In the entries below, find the line containing "Adesso mi dirò" and the line containing "Mid-length satin ceremony". Copy those two lines and everything between them exactly, without the pictures.

▸ **Source data**

++++++++

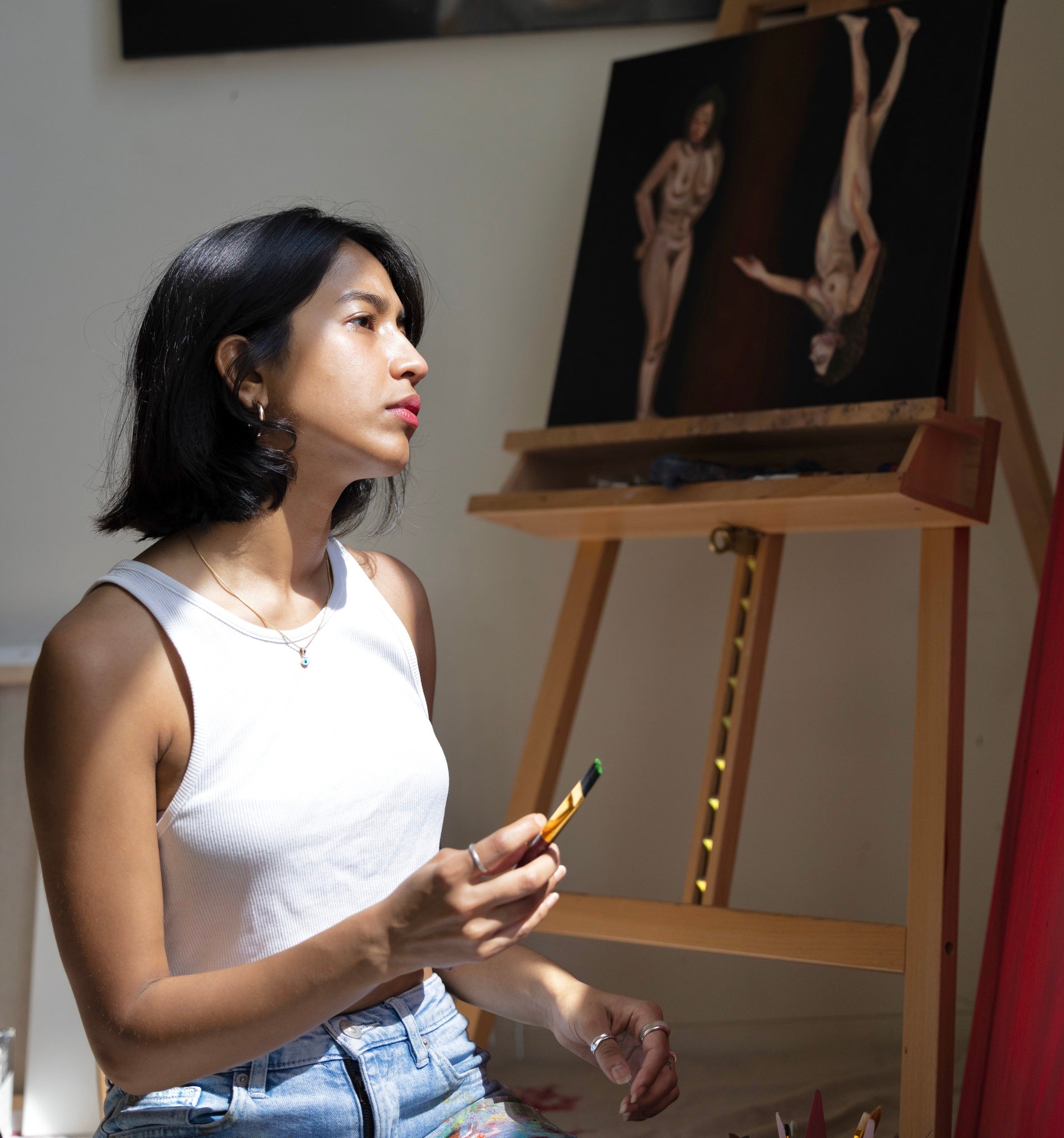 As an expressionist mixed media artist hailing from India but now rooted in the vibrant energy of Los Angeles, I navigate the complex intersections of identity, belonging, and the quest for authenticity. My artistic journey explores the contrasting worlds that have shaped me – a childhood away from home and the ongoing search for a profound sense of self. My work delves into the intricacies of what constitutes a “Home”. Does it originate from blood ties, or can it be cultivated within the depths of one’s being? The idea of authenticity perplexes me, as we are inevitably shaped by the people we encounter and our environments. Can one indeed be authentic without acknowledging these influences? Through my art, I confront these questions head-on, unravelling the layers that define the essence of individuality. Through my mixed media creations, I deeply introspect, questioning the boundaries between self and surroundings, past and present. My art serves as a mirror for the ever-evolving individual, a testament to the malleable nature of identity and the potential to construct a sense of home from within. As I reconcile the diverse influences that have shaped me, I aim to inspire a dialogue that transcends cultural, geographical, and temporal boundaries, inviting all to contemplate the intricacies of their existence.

++++++++

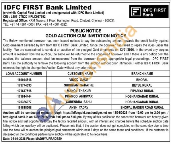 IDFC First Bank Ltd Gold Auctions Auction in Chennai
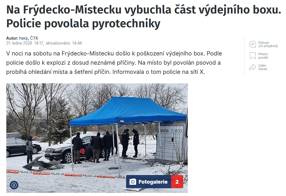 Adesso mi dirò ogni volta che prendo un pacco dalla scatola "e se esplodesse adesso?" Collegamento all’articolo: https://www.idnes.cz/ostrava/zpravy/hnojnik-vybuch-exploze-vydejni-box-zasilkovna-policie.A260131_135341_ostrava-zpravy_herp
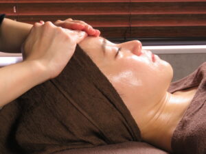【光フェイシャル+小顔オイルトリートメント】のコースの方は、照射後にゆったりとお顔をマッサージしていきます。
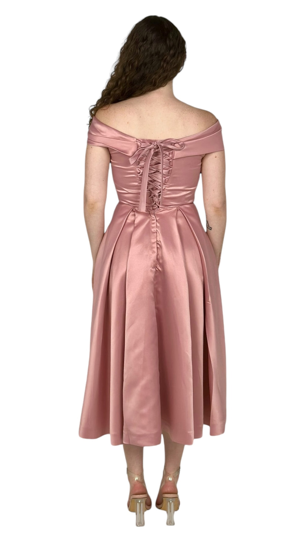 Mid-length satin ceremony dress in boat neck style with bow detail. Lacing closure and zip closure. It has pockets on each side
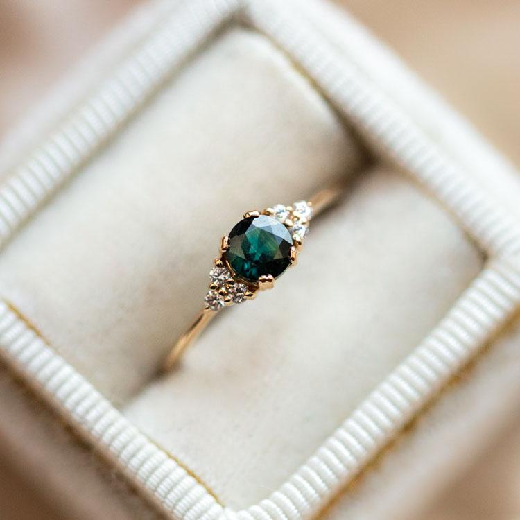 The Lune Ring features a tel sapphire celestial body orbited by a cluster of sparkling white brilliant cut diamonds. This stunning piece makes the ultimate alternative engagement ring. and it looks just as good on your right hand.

++++++++

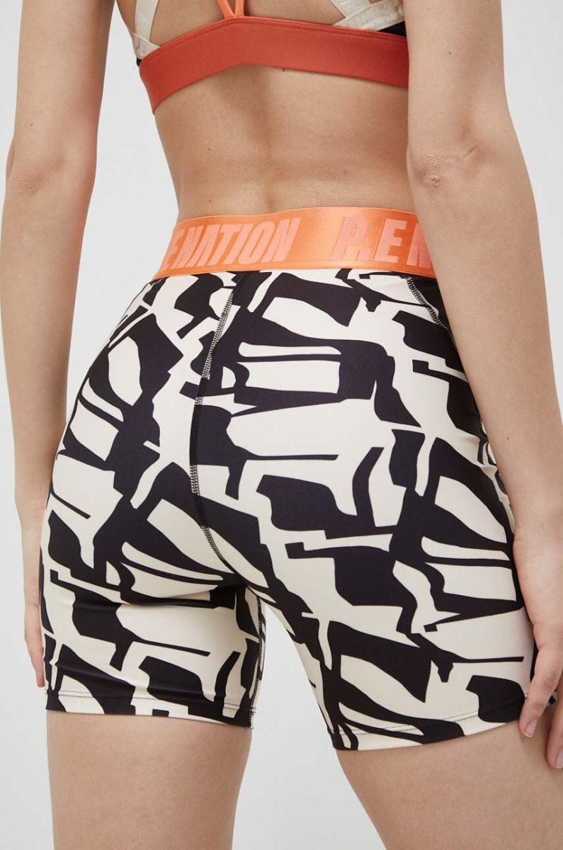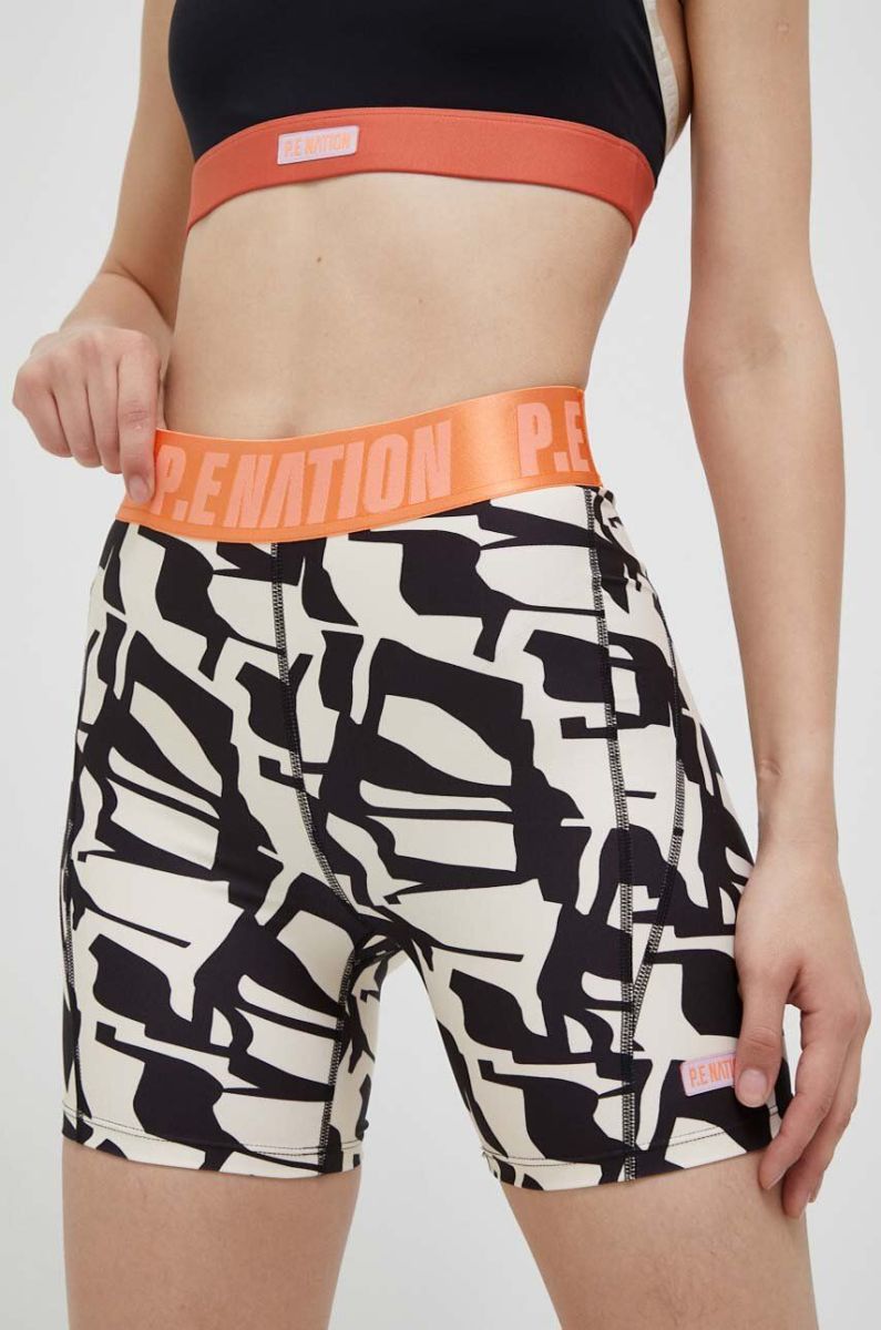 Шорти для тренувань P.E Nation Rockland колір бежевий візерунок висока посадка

++++++++

▸ **Exercise answer**
 Adesso mi dirò ogni volta che prendo un pacco dalla scatola "e se esplodesse adesso?" Collegamento all’articolo: https://www.idnes.cz/ostrava/zpravy/hnojnik-vybuch-exploze-vydejni-box-zasilkovna-policie.A260131_135341_ostrava-zpravy_herp
【光フェイシャル+小顔オイルトリートメント】のコースの方は、照射後にゆったりとお顔をマッサージしていきます。
 Mid-length satin ceremony dress in boat neck style with bow detail. Lacing closure and zip closure. It has pockets on each side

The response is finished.